Somehow, when I believe I'm being clear, I'm not. My comments regarding the use of the conventions J and P (etc.) was to clarify that I'm not clinging to the Wellhausen form of source criticism. Yet the sources are distinct and my use of the labels is referent to the blocks of text not the hypotheticals associated with them.
My comment was in response to the suggestion that individual sources can be linked to Babylon more intimately than others. All the sources appear to have been active during and after the exile. (using older short legend and motifs) It's entirely possible they were near contemporaneous camps of scribes. It's been argued that an extensive narrative such as was created through the merging of individual compilations best fits the Greek period, as literature of that nature was unknown prior. It was also the beginning of the era of fastidious scribal copying, which fortunately prevented extensive improvements on the final composition, thereby enabling us to perceive some of the document's history.

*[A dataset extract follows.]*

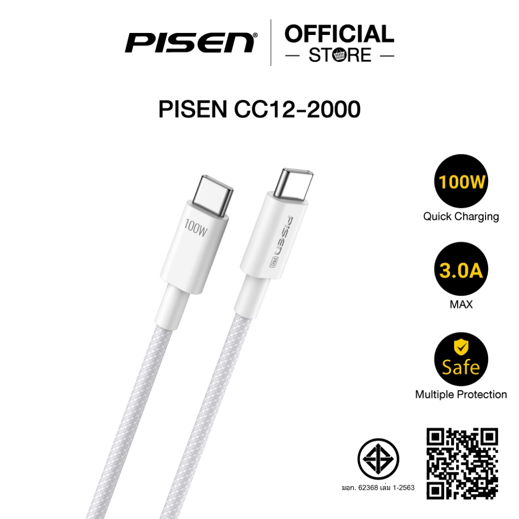สายชาร์จ PISEN PRO C to C 100W Braided Charging Cable รุ่น CC12-2000 ⚡🔗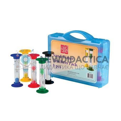 Піскові годинники для вчителя містить 5 штук піскових годинників різних кольорів із відліком часу: червоний 10 хвилин, зелений 5 хвилин, жовтий 3 хвилини, синій 1 хвилина, чорний 30 секунд.

The J story, whether you accept Freidman's belief that it was the backbone of the Pentateuch or not, betrays a nuanced talent, that to my understanding, resembles later Greek philosophical reuse of epic and satire. Perhaps I am reading too much into it.
The Bronze Age collapse might well explain the opportunity for local kingdoms in the Fertile Crescent to get established and likely was the ultimate source of certain threads of tradition in the Primary History, but I was focusing on the 5th to 2nd century as the period of advanced literature and philosophy reaching Palestine, Alexandria and Babylon.